* Exercise details: Where the records below show the word "this" in a line, please copy that line.

* Provided data:
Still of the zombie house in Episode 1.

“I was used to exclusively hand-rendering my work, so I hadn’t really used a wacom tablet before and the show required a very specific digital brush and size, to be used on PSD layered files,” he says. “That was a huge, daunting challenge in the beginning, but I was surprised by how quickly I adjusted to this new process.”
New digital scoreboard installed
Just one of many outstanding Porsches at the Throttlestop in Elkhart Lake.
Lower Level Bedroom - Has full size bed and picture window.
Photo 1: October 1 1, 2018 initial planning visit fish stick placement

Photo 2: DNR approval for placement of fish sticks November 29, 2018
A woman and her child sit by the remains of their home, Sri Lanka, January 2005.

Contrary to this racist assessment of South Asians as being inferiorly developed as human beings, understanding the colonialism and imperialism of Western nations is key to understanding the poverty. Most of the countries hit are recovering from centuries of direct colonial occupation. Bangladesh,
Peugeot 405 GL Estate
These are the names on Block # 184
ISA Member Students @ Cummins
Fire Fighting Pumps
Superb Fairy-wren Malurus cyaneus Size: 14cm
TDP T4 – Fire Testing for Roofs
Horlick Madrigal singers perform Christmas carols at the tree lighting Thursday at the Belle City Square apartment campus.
---
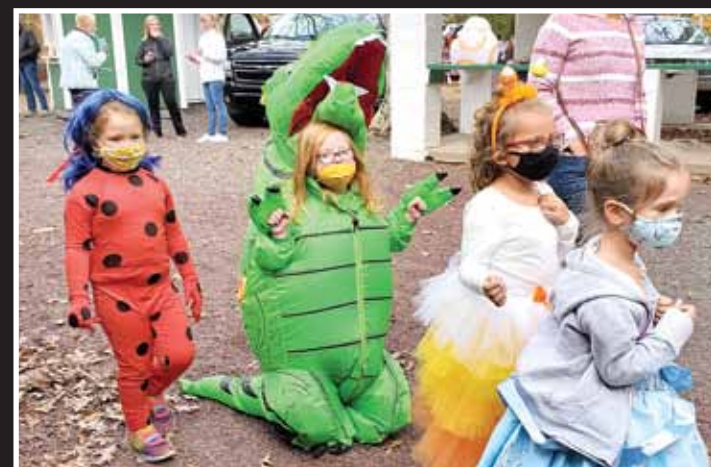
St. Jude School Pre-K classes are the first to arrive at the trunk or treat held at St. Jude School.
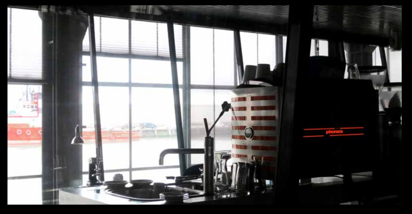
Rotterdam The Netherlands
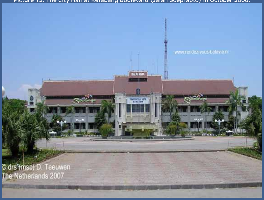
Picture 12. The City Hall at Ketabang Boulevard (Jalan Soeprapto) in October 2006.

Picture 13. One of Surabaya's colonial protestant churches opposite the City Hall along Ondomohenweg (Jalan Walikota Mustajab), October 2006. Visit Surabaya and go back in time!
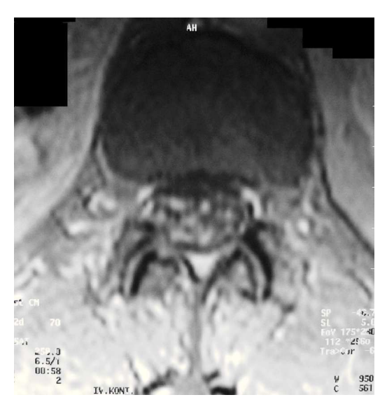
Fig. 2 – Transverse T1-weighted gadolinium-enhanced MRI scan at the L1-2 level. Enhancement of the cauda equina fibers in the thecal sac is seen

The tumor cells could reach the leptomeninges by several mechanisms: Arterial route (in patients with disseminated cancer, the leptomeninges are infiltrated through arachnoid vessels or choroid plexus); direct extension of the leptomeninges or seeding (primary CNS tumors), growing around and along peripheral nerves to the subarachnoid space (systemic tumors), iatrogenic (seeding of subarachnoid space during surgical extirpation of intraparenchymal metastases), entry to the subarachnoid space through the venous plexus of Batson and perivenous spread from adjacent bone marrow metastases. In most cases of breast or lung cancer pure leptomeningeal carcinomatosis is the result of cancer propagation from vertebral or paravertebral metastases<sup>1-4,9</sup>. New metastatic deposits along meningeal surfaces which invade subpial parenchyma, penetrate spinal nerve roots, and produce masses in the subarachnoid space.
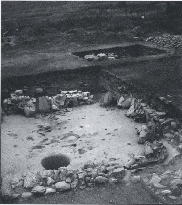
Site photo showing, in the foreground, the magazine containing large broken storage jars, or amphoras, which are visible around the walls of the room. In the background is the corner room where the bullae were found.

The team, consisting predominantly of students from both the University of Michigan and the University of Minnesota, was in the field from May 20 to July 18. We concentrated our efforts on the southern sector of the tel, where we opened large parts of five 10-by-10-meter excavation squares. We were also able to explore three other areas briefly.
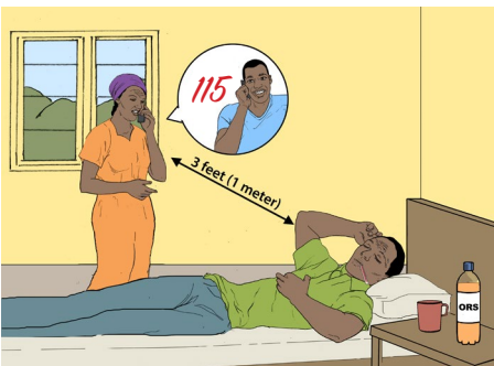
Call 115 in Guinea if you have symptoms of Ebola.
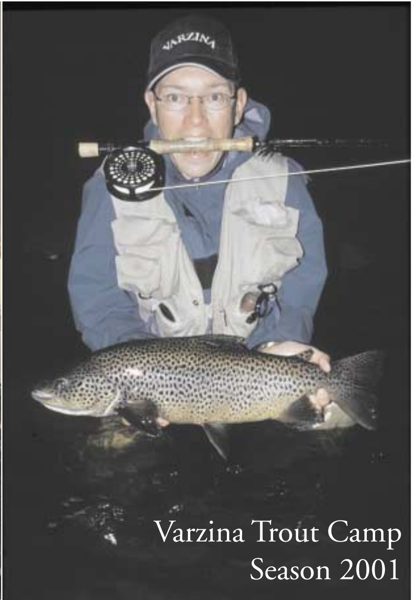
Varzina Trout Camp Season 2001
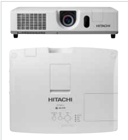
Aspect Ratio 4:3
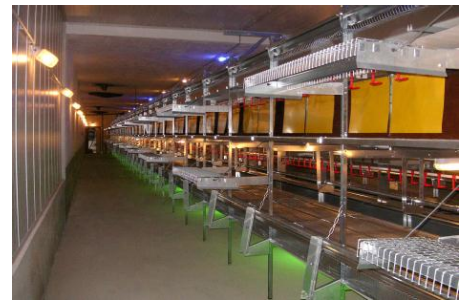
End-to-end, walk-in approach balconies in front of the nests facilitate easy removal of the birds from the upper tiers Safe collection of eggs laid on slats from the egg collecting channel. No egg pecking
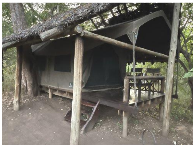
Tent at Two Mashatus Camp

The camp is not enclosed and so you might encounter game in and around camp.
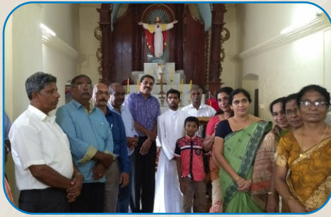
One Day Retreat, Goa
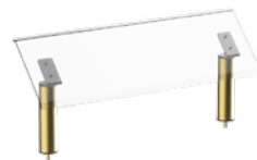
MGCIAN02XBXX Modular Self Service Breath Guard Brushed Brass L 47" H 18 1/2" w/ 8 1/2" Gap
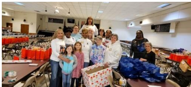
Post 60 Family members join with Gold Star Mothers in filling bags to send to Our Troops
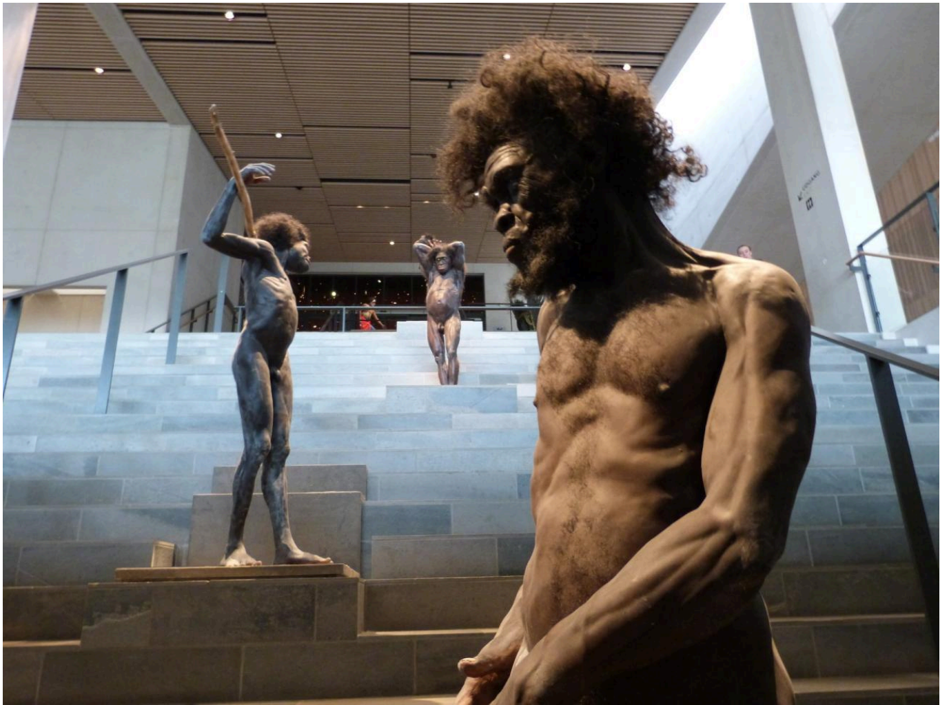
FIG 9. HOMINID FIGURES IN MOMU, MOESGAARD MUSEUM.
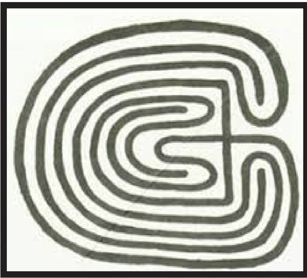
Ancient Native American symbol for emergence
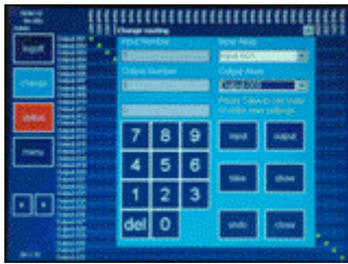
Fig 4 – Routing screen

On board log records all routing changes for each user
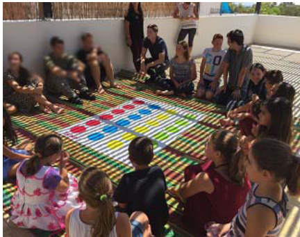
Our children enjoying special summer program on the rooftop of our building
...
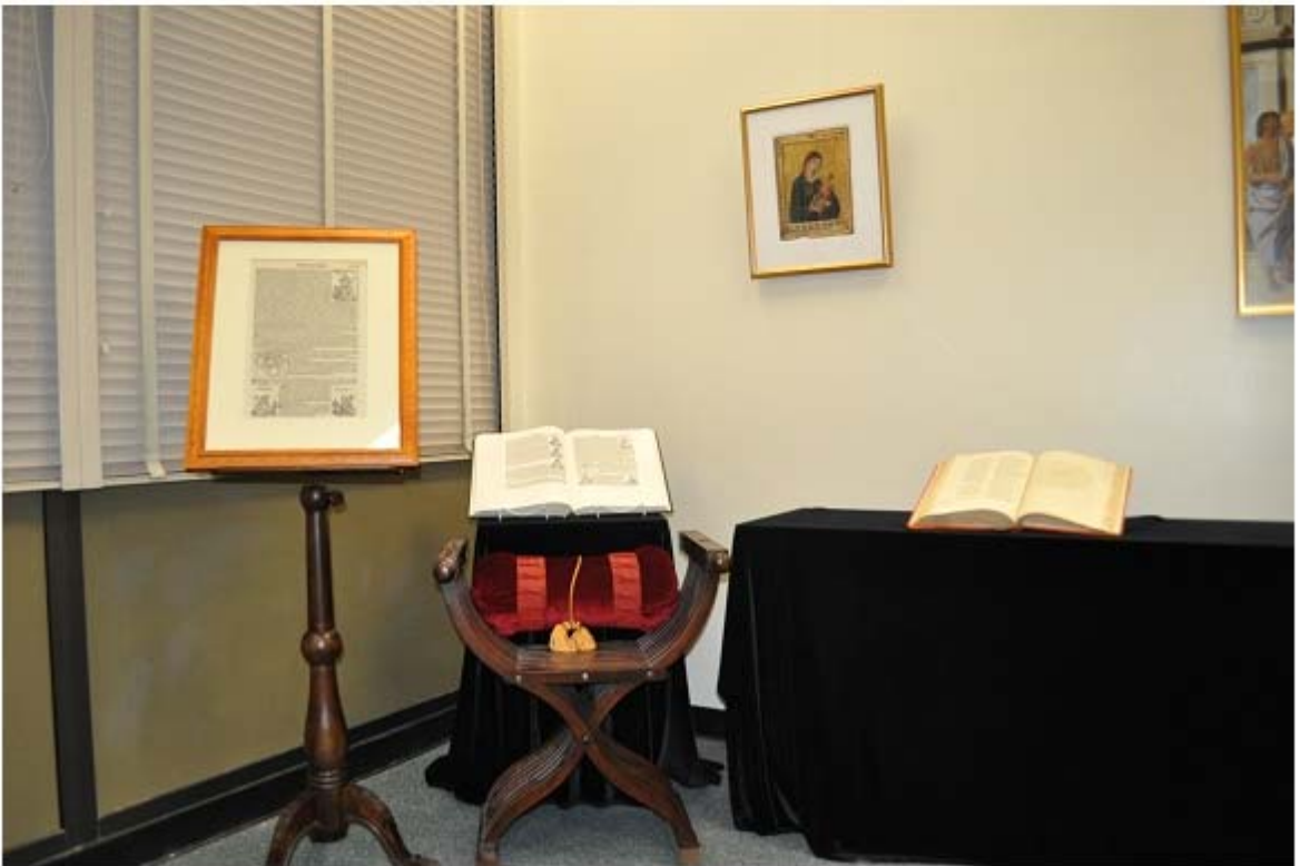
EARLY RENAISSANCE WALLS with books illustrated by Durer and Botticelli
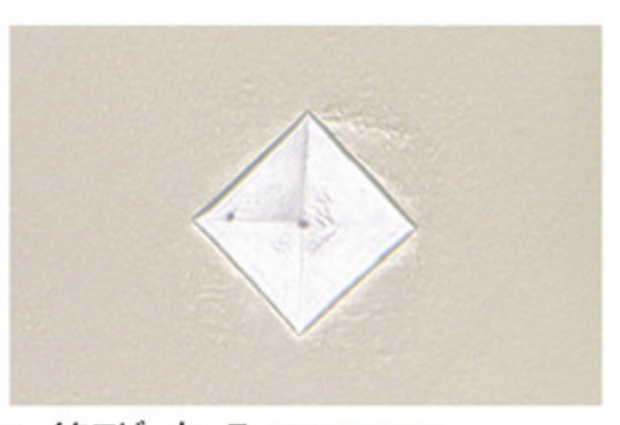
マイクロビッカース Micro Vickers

* Output of the task:
“I was used to exclusively hand-rendering my work, so I hadn’t really used a wacom tablet before and the show required a very specific digital brush and size, to be used on PSD layered files,” he says. “That was a huge, daunting challenge in the beginning, but I was surprised by how quickly I adjusted to this new process.”
Contrary to this racist assessment of South Asians as being inferiorly developed as human beings, understanding the colonialism and imperialism of Western nations is key to understanding the poverty. Most of the countries hit are recovering from centuries of direct colonial occupation. Bangladesh,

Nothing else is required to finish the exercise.